La recomposition d’une famille
Outre l’incapacité à faire son deuil, The Leftovers a pour thème une sorte de recomposition familiale permanente. Si la première saison était centrée sur une famille nucléaire profondément dysfonctionnelle et la seconde sur deux familles dysfonctionnelles vivant côte-à-côte, cette troisième saison marque une sorte de fusion des deux familles à plus d’un titre. De nouvelles alliances se sont créées et des personnages qu’on croyait perdus refont surface. Ces multiples liens unissant cette famille agrandie permet au récit de prendre une forme chorale multipliant les sauts dans l’espace et le temps. Mais, même agrandie, cette famille semble toujours impuissante face aux traumatismes de chacun. Confrontés à leurs lésions respectives, les personnages ne parviennent pas à se consoler, à peine à vivre ensemble. There is (still) no family.
La croyance comme raison de vivre
The Leftovers pose la question de la foi dans un monde dont l’incompréhension est devenue insupportable. Il propose une expérience du sensible, une immersion dans un réel que chacun tente de déchiffrer à l’aide de signes et de symboles. Rendre le monde lisible pour être à nouveau en mesure de l’habiter, tel est la question fondamentale qui traverse toute la série et cette troisième saison en particulier. Chaque personnage semble y défendre son interprétation du monde, que cela soit Matt avec son Troisième Testament, Kevin Garvey Senior avec ses danses aborigènes ou Nora avec son impossible deuil. Aucune série n’aura autant travaillé la question de notre besoin d’investir le monde de nos croyances, de cette incapacité de l’être humain à s’en tenir au réel, de cette insurrection de l’imaginaire qui fait de la vie de chacun une invention perpétuelle.

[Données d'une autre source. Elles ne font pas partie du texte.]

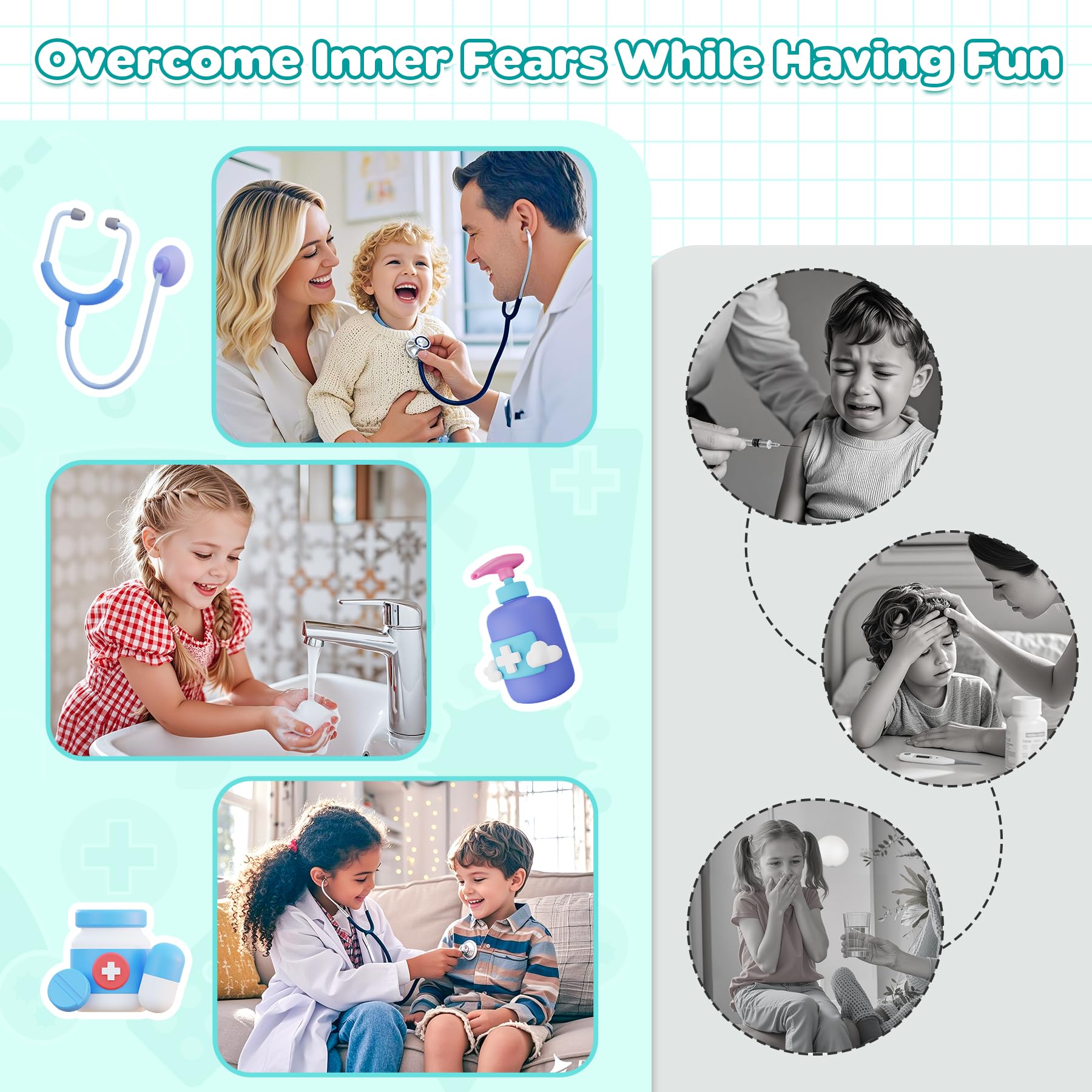 ["Our doctor kit for kids stethoscope stands out from the competition by offering a truly authentic heartbeat listening experience. Without the distraction of lights, it focuses solely on reproducing the most realistic heartbeat sounds. This allows children to immerse themselves deeper into doctor-patient role play and ignite their curiosity and love for medical exploration."]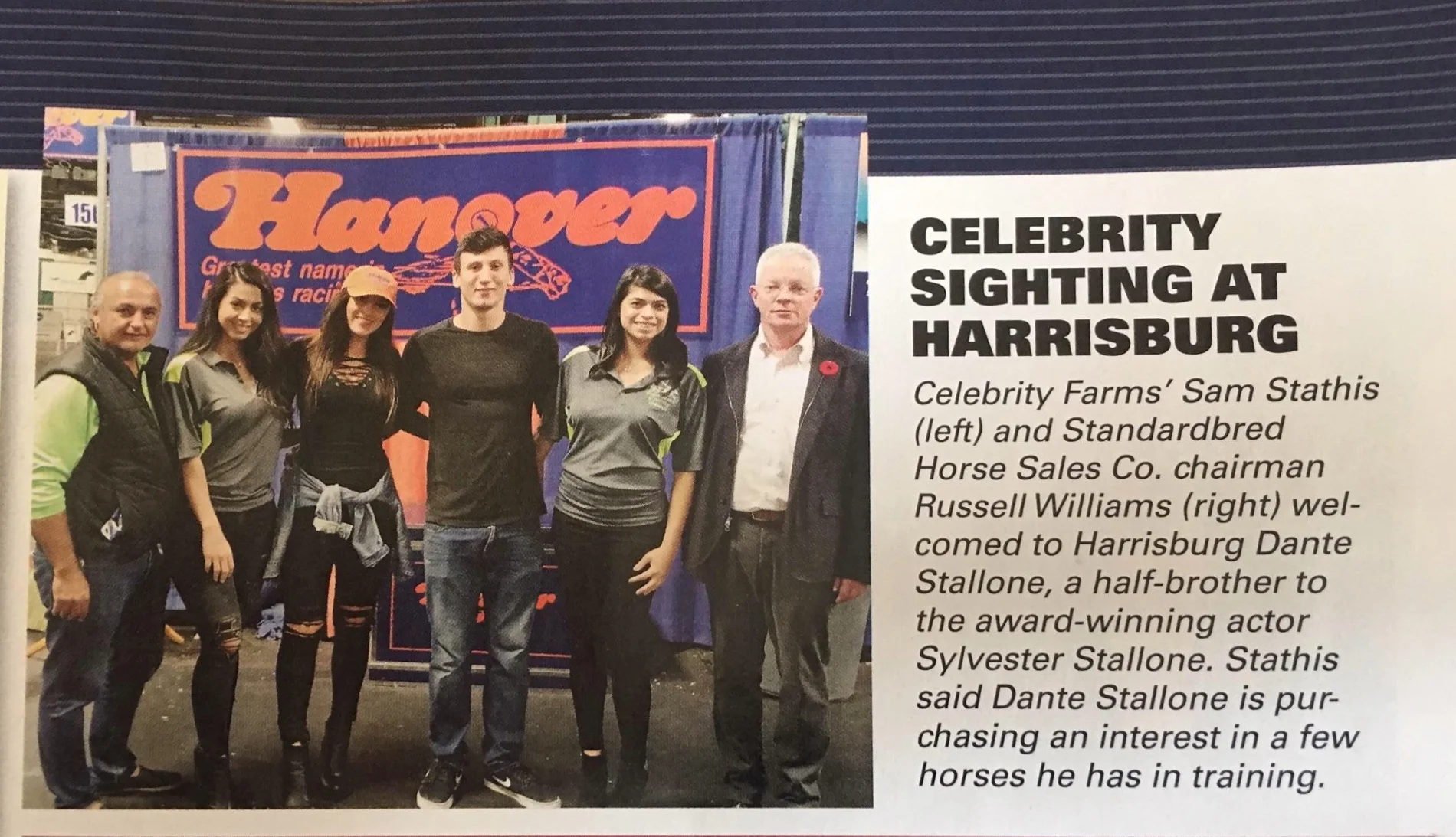 Celebrity Farms’ Sam Stathis and Standardbred Horse Sales Co. chairman Russell Williams welcomed to Harrisburg Dante Stallone, a half-brother of the award-winning actor Sylvester Stallone. Stathis said Dante Stallone is purchasing an interest in a few horses he has in training.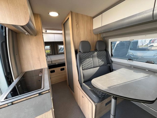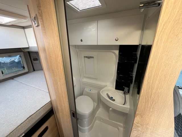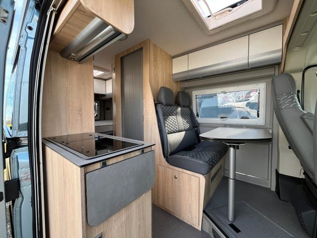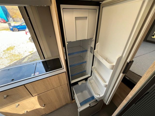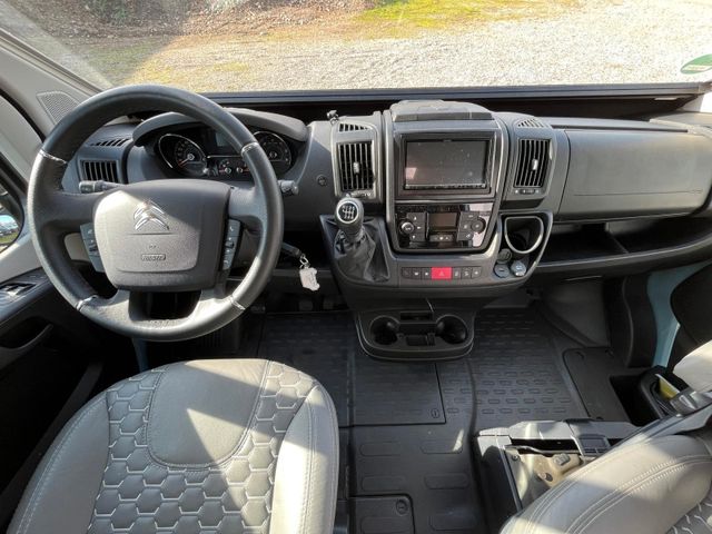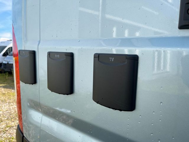 Lago Azurro Metallic,, Stoßfänger vorne in Wagenfarbe, Große Dachhaube, Sitzbezug Leder grau, Klimaautomatik, Spiegel elektr. anklappbar, Totwinkel-Assistent, Unterfahrschutz, Verkehrsschildererkennung, Spurhalteassistent, Fernlichtumschaltung, Dachhaube Bad 28x28 cm, Dachhaube hinten 70x50 cm, Dachhaube vorne 70x50 cm, Lamellentüre Bad, Heckschrank quer, 2. Wohnraumbatterie, Truma Diesel+ Elektro Heizung, Dieselheizung unter Sitzbank, Sitzheizung, Kühlschrank Vitrifrigo Twin Tower, Lampe zusätzlich bei Dinette, zwei Lampen zusätzlich am Bett, Steckdosensatz (USB, 12V, 220V) hinten über Bett rechts und im Laderaum, Steckdosensatz außen, Vorverkabelung Solar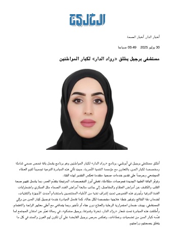 ﺔﻠﻣﺎﺷ ﺤﺻ ﺺﺤﻓ ﺔﻗﺎﺑ ﻞﻤﺸﻳ ﺞﻣﺎﻧﺮﺑ ﻮﻫو ﻦﻴﻨﻃاﻮﻤﻟا رﺎﺒﻟ «راﺪﻟا داور» ﺞﻣﺎﻧﺮﺑ ،ﺒﻇﻮﺑأ ﻓ ﻞﻴﺟﺮﺑ ﻔﺸﺘﺴﻣ ﻖﻠﻃأ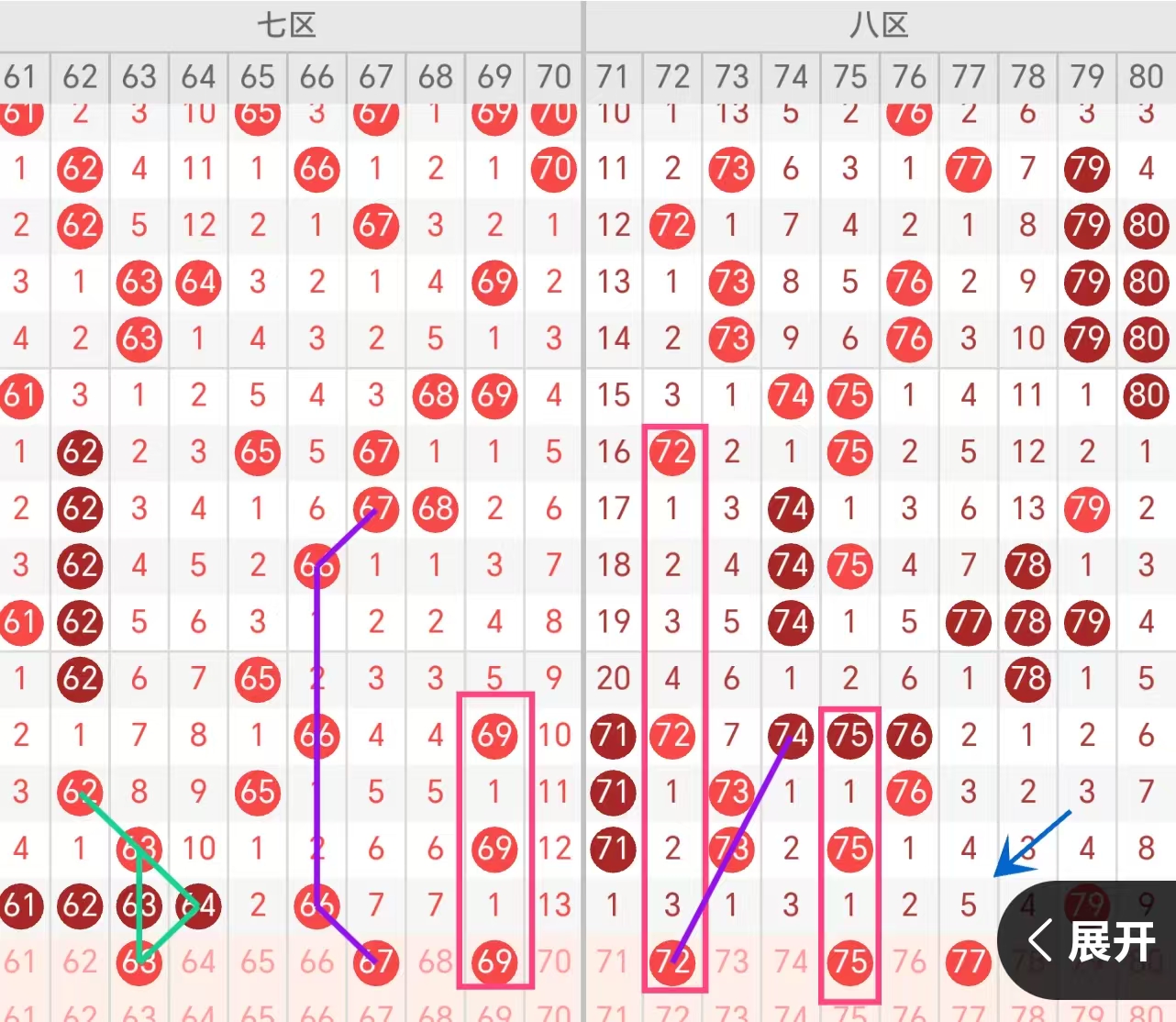 七区(61-70):近期大遗漏回补,连号走势明显,近期重号号码需要重点考虑,所以本期作者主要看重号,63看三重,66-67形态对称,看过上期作者的文章分享,上期类似 66-67的形态对称走势上期都下了!69空一空一遗漏对称走势!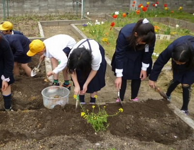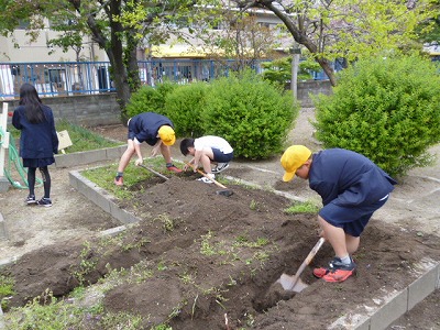 放課後、6年生の理科係が中心となって、校庭にある学習園の整備と、ジャガイモの種イモの植え付けを行ってくれました。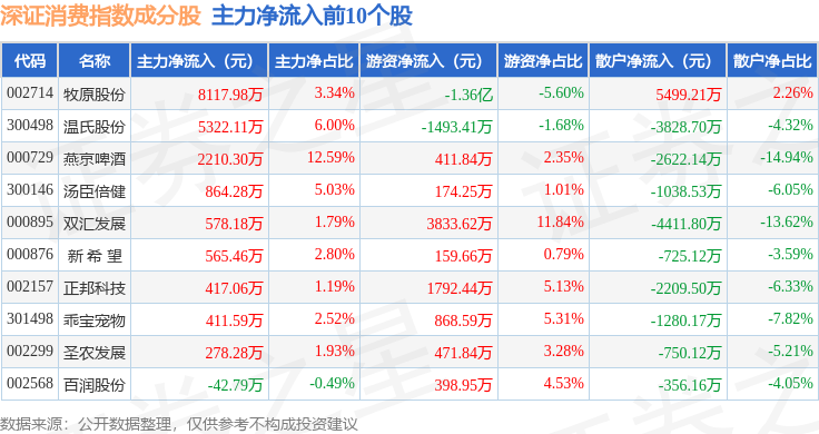 资金流向方面,深证消费(399617)指数成份股当日主力资金净流出合计2.34亿元,游资资金净流入合计7892.31万元,散户资金净流入合计1.55亿元。成份股资金流向详情见下表: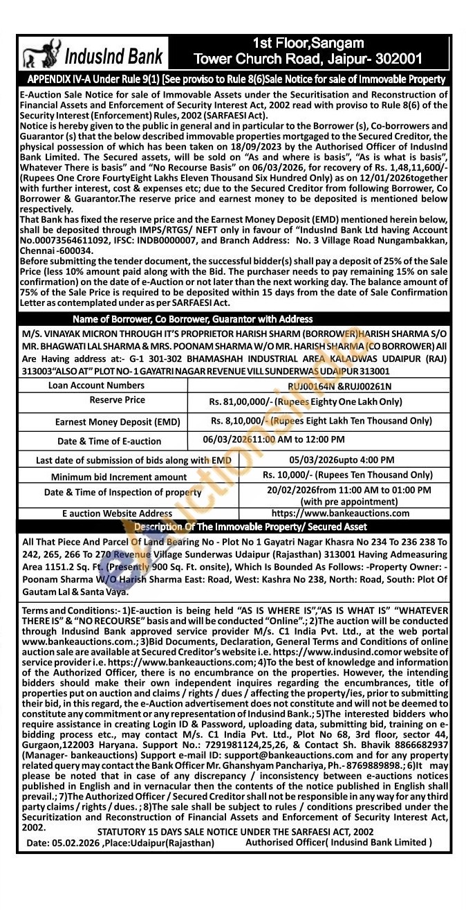 All That Piece And Parcel Of Land Bearing No - Plot No 1 Gayatri Nagar Khasra No 234 To 236 238 Το 242, 265, 266 Τo 270 Revenue Village Sunderwas Udaipur (Rajasthan) 313001 Having Admeasuring Area 1151.2 Sq. Ft. (Presently 900 Sq. Ft. onsite), Which Is Bounded As Follows: -Property Owner:-Poonam Sharma W/O Harish Sharma East: Road, West: Kashra No 238, North: Road, South: Plot Of Gautam Lal & Santa Vaya.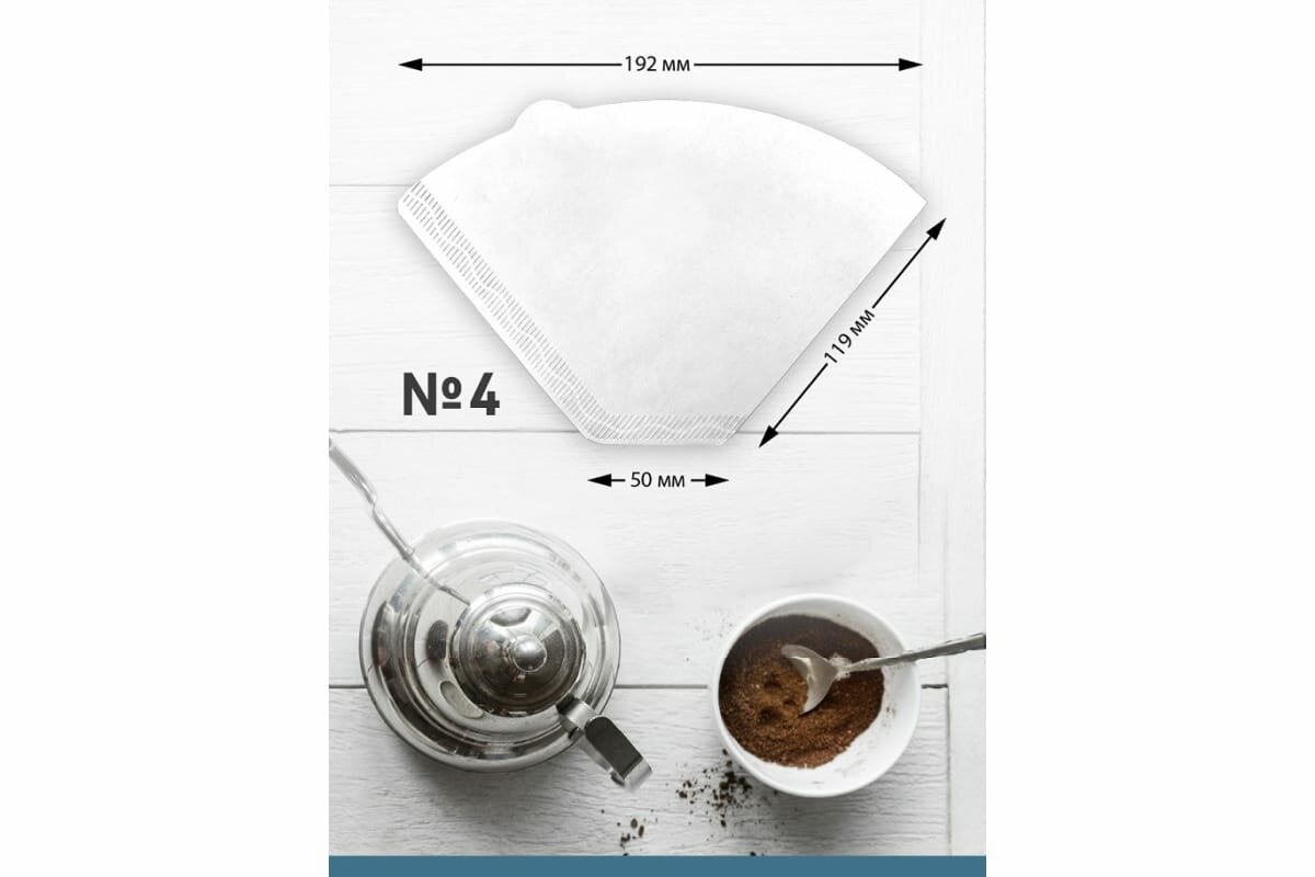 Фильтры для кофе бумажные отбеленные №4 одноразовые 100 шт, для капельных кофемашин

Une série plus délirante que jamais
Si vous aviez déjà du mal à résumer les deux premières saisons de The Leftovers à votre meilleur ami que vous vouliez convaincre de commencer la troisième avec vous, il vous sera encore plus difficile de raconter le début de cette ultime saison tant elle est scénaristiquement délirante et surprenante. The Leftovers est la seule série où tout semble possible, à tout moment. Elle le prouve une nouvelle fois avec non-seulement des ouvertures et des fins d’épisodes souvent extraites de la narration principale mais surtout avec des situations inattendues et extrêmement jouissives. Plus proche du registre de la comédie que les deux précédentes saisons, la série semble avoir remplacé le majestueux registre dramatique et grave de ses débuts par celui de la farce du spectacle d’un monde qui glisse doucement vers la folie et où règne une forme de décadence pré-apocalyptique.